Metabolic efficiency profoundly influences organismal fitness. Nonphotosynthetic organisms, from yeast to mammals, derive usable energy primarily through glycolysis and respiration. Although respiration is more energy efficient, some cells favor glycolysis even when oxygen is available (aerobic glycolysis, Warburg effect). A leading explanation is that glycolysis is more efficient in terms of ATP production per unit mass of protein (that is, faster). Through quantitative flux analysis and proteomics, we find, however, that mitochondrial respiration is actually more proteome efficient than aerobic glycolysis. This is shown across yeast strains, T cells, cancer cells, and tissues and tumors in vivo. Instead of aerobic glycolysis being valuable for fast ATP production, it correlates with high glycolytic protein expression, which promotes hypoxic growth. Aerobic glycolytic yeasts do not excel at aerobic growth but outgrow respiratory cells during oxygen limitation. We accordingly propose that aerobic glycolysis emerges from cells maintaining a proteome conducive to both aerobic and hypoxic growth.

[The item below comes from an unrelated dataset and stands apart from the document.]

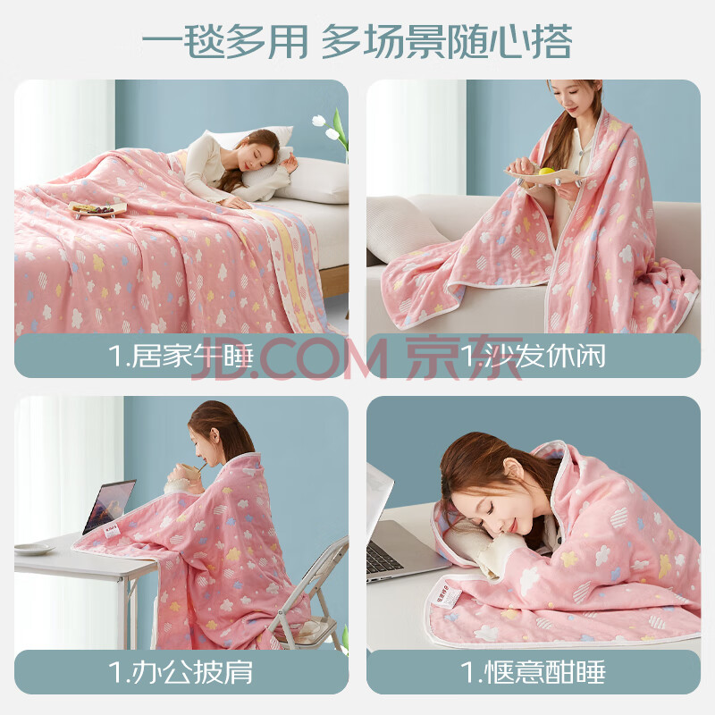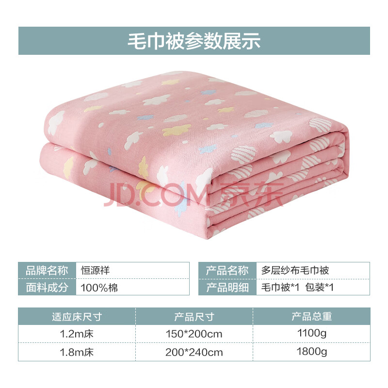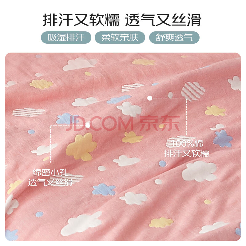 商品相册:恒源祥 纯棉纱布毛巾被六层加厚毛毯单人夏凉空调薄毯子午休毯150*200cm第1张/共5

代谢效率深刻影响机体健康。非光合生物，从酵母到哺乳动物，主要通过糖酵解和呼吸获得可用能量。尽管呼吸作用的能量效率更高，但一些细胞即使在有氧气的情况下也有利于糖酵解（有氧糖酵解，瓦尔堡效应）。一个主要的解释是，就每单位质量蛋白质的 ATP 生成而言，糖酵解效率更高（即更快）。然而，通过定量通量分析和蛋白质组学，我们发现线粒体呼吸实际上比有氧糖酵解的蛋白质组效率更高。这在酵母菌株、T 细胞、癌细胞、体内组织和肿瘤中都有体现。有氧糖酵解对于快速产生 ATP 并不有价值，而是与高糖酵解蛋白表达相关，从而促进缺氧生长。需氧糖酵解酵母不擅长有氧生长，但在氧气限制期间生长超过呼吸细胞。因此，我们认为有氧糖酵解是由维持有利于有氧和缺氧生长的蛋白质组的细胞产生的。